### Recorded data
^^^^^^^^
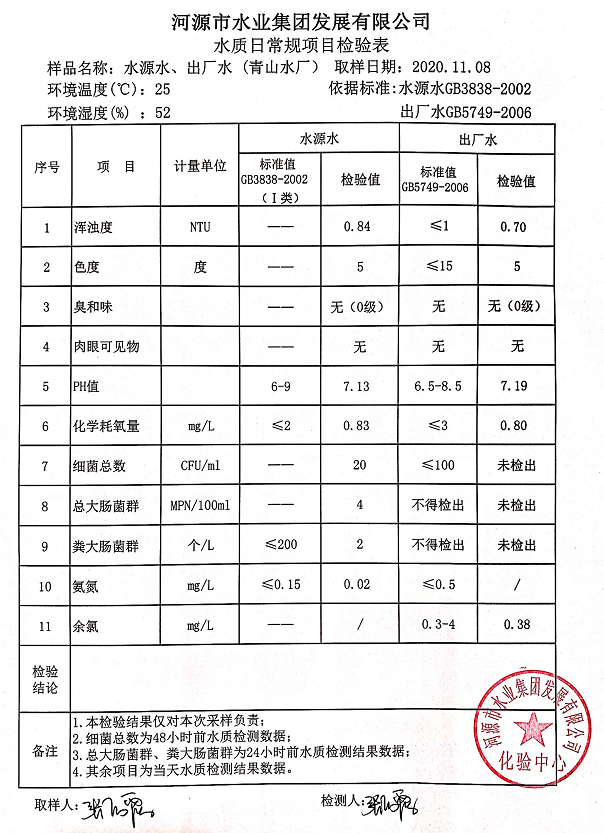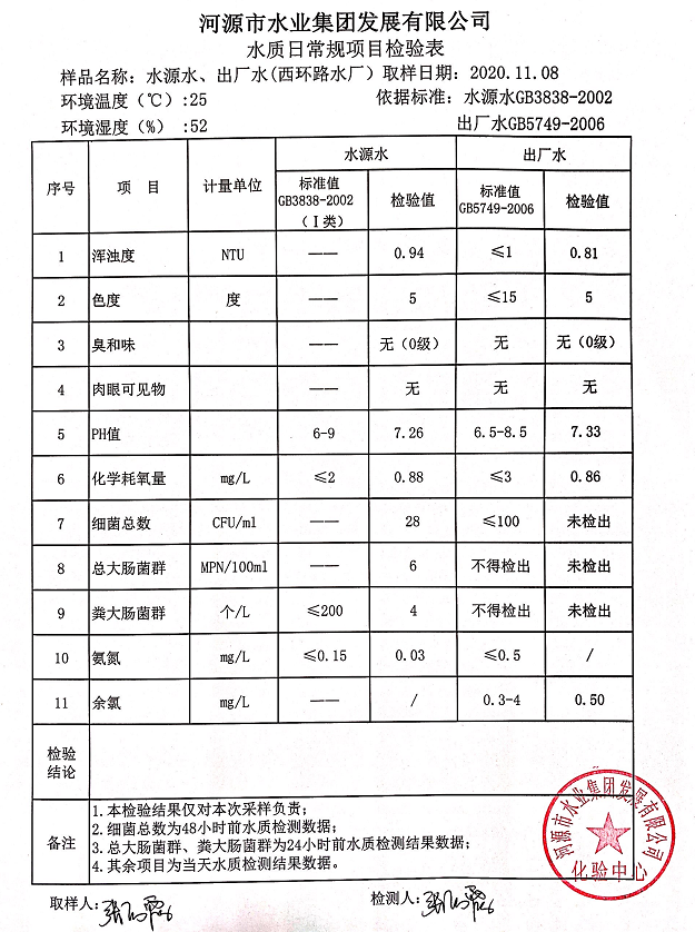 2020年11月8日水質檢驗報告
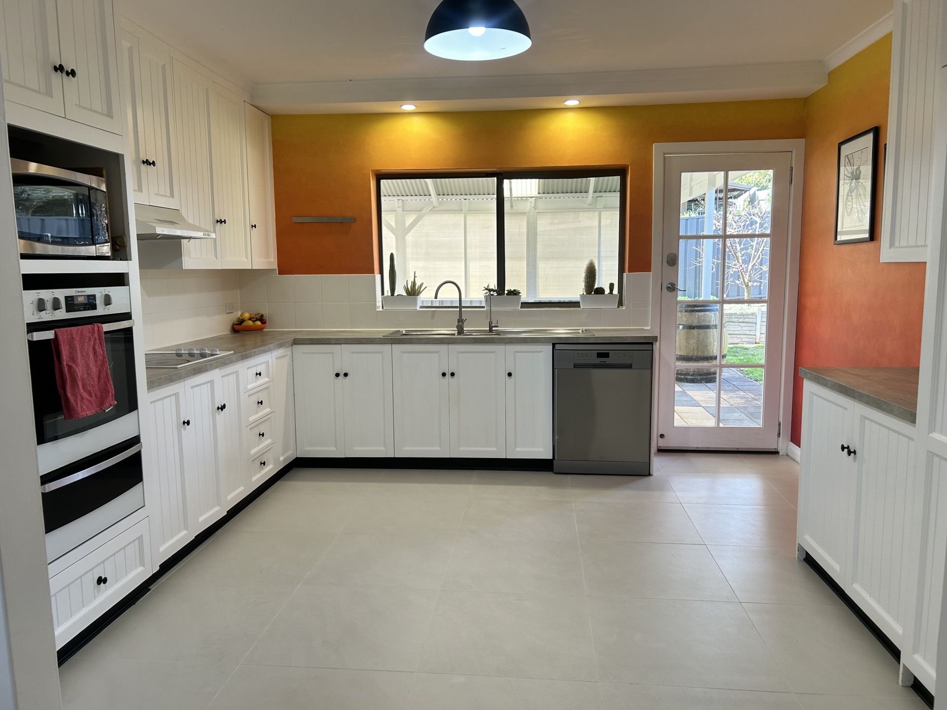 Continuing through, you'll find an upgraded kitchen overlooking a casual meals area, and adjacent to a family living and formal dining. The timeless, neutral-toned kitchen combines character with practicality, equipped with a built-in oven, cooktop with rangehood, and dishwasher.
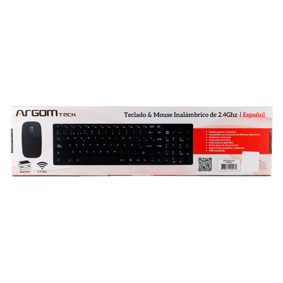 El Teclado y ratón combinados inalámbricos españoles ArgomTech es perfecto para todas sus necesidades de tipeo estándar, con calidad y durabilidad garantizadas. Su mouse óptico con conector USB cuenta con una rueda de 1000 DPI de alta precisión. Simplemente conéctelo y úselo: no necesita configuración o configuración. El diseño delgado hace que sea fácil de transportar y usar en cualquier lugar que vaya.
^^^^^^^^
### About this exercise
Write out the listing word for word, omitting the pictures it holds.

### Output
 2020年11月8日水質檢驗報告
 Continuing through, you'll find an upgraded kitchen overlooking a casual meals area, and adjacent to a family living and formal dining. The timeless, neutral-toned kitchen combines character with practicality, equipped with a built-in oven, cooktop with rangehood, and dishwasher.
 El Teclado y ratón combinados inalámbricos españoles ArgomTech es perfecto para todas sus necesidades de tipeo estándar, con calidad y durabilidad garantizadas. Su mouse óptico con conector USB cuenta con una rueda de 1000 DPI de alta precisión. Simplemente conéctelo y úselo: no necesita configuración o configuración. El diseño delgado hace que sea fácil de transportar y usar en cualquier lugar que vaya.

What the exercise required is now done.